Task to carry out: Below are records to be copied exactly; their pictures are to be omitted.

Information supplied:
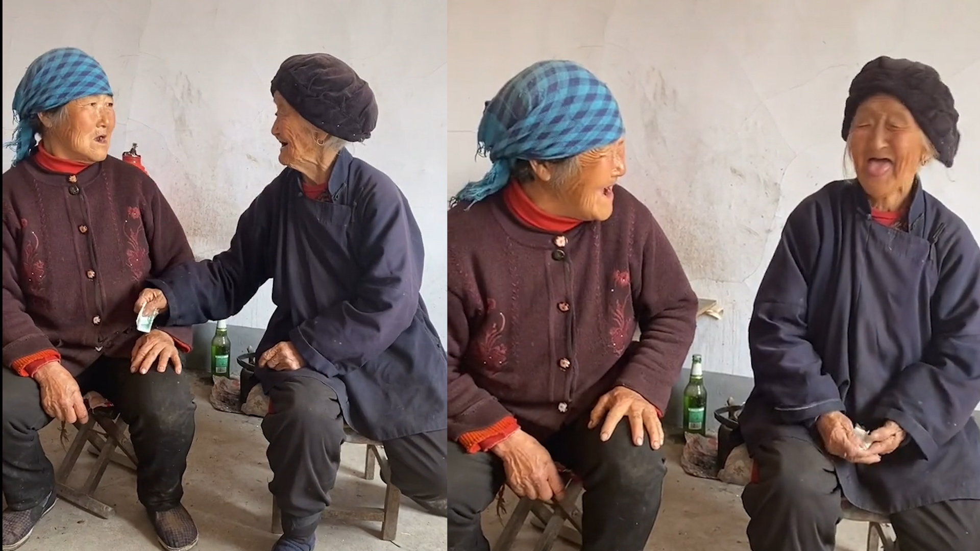 102岁妈妈给80岁闺女零花钱 两人相互推让开怀大笑
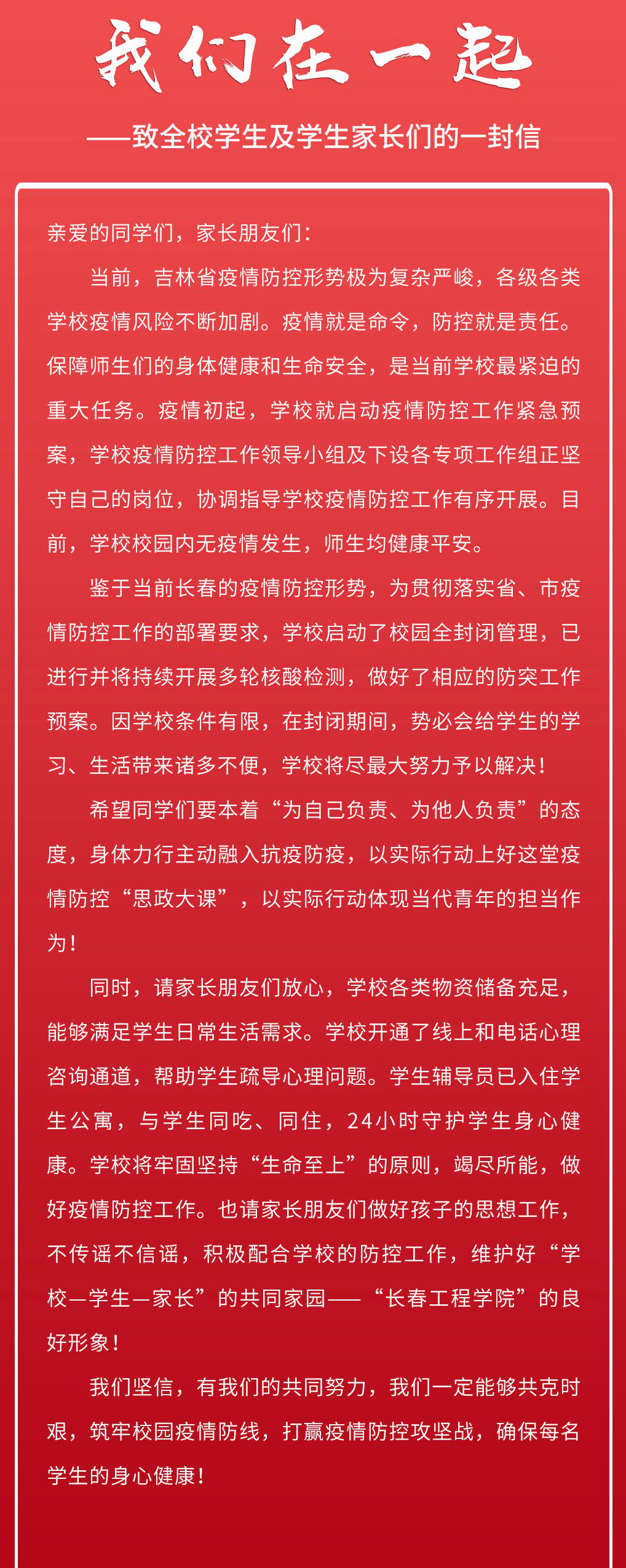 我们在一起——致全校学生及学生家长们的一封信
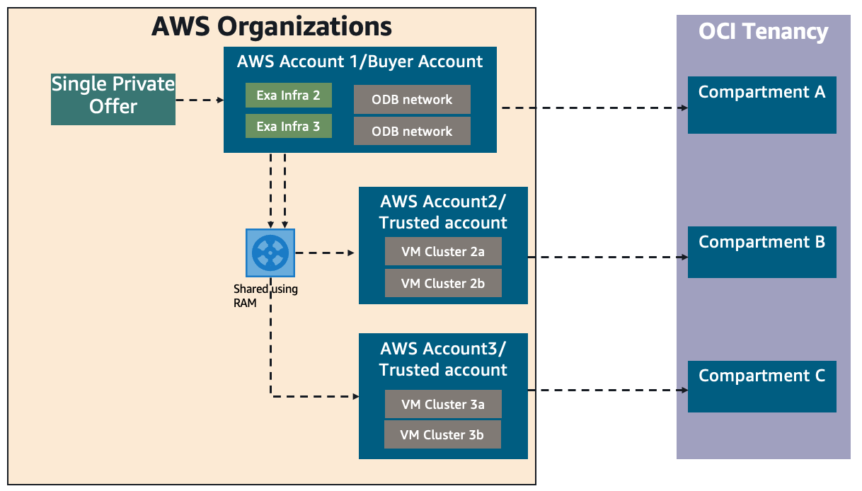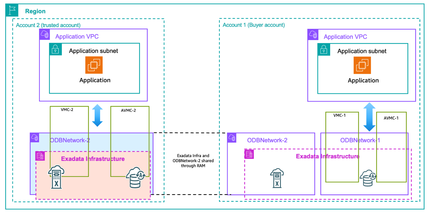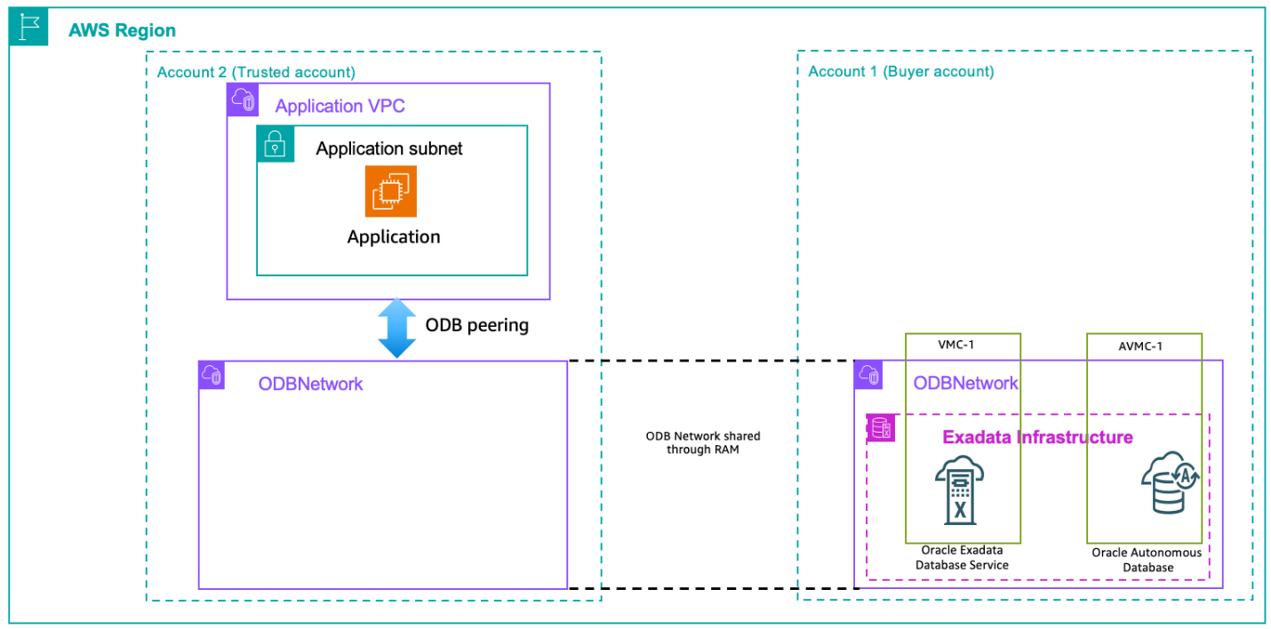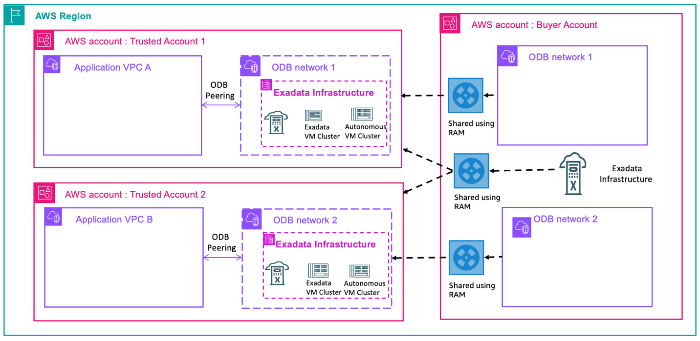 AWS Resource Access Manager (AWS RAM) sharing allows you to share Exadata infrastructure and ODB network resources across multiple AWS accounts within the same AWS organization.
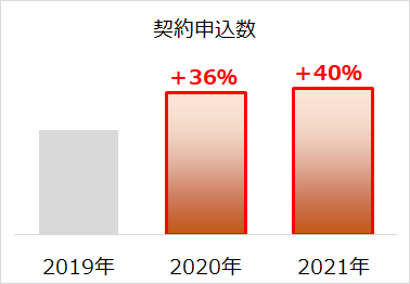 ・コロナ禍(2020年〜2021年)での契約申込数はコロナ前(2019年)と比較して大きく増加。
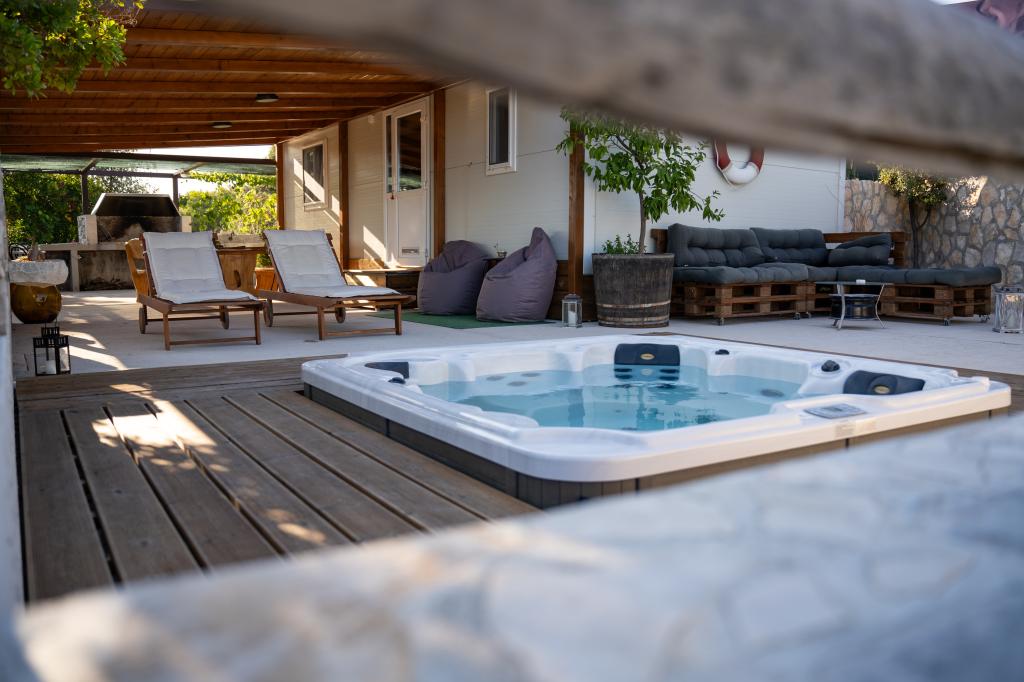 A Robinson ház Bawa ideális hely a mindennapi élet elől menekülni. Olajfaligetek, Brač kövei és a tenger illata veszi körül, így tökéletes lehetőséget kínál arra, hogy minden pillanatot élvezhessen. Mindössze 1,5 km-re található Sumartin autentikus városától, teljes magánéletet kínál, de minden szükséges szolgáltatás és kényelem elérhető közelségben van. Jöjjön el, és köszöntse a reggelt a Biokovo-hegyre és a napsütötte Hvarra néző kilátással a saját jakuzzijából. Pihenjen a közeli strandokon, és élvezze a naplementét szeretteivel. Fedezzen fel egy emlékezetes élményt - egy olyan nyaralást, amilyet még soha nem tapasztalt! Amit kínálunk: ingyenes parkolás, kilátásos jakuzzi, pihenősarok, kültéri zuhanyzó meleg vízzel, étkező, grillező a szükséges felszereléssel, nappali (Wi-Fi, TV és mennyezeti ventilátor), konyha (tűzhely, mosogató meleg vízzel, hűtőszekrény, fagyasztó, Nespresso kávéfőző, fűszerek...), 2 hálószoba és 2 fürdőszoba (ágynemű és törölköző benne van az árban). Minden ablakon redőnyök és szúnyoghálók találhatók.

Answer to this task:
 102岁妈妈给80岁闺女零花钱 两人相互推让开怀大笑
 我们在一起——致全校学生及学生家长们的一封信
 AWS Resource Access Manager (AWS RAM) sharing allows you to share Exadata infrastructure and ODB network resources across multiple AWS accounts within the same AWS organization.
 ・コロナ禍(2020年〜2021年)での契約申込数はコロナ前(2019年)と比較して大きく増加。
 A Robinson ház Bawa ideális hely a mindennapi élet elől menekülni. Olajfaligetek, Brač kövei és a tenger illata veszi körül, így tökéletes lehetőséget kínál arra, hogy minden pillanatot élvezhessen. Mindössze 1,5 km-re található Sumartin autentikus városától, teljes magánéletet kínál, de minden szükséges szolgáltatás és kényelem elérhető közelségben van. Jöjjön el, és köszöntse a reggelt a Biokovo-hegyre és a napsütötte Hvarra néző kilátással a saját jakuzzijából. Pihenjen a közeli strandokon, és élvezze a naplementét szeretteivel. Fedezzen fel egy emlékezetes élményt - egy olyan nyaralást, amilyet még soha nem tapasztalt! Amit kínálunk: ingyenes parkolás, kilátásos jakuzzi, pihenősarok, kültéri zuhanyzó meleg vízzel, étkező, grillező a szükséges felszereléssel, nappali (Wi-Fi, TV és mennyezeti ventilátor), konyha (tűzhely, mosogató meleg vízzel, hűtőszekrény, fagyasztó, Nespresso kávéfőző, fűszerek...), 2 hálószoba és 2 fürdőszoba (ágynemű és törölköző benne van az árban). Minden ablakon redőnyök és szúnyoghálók találhatók.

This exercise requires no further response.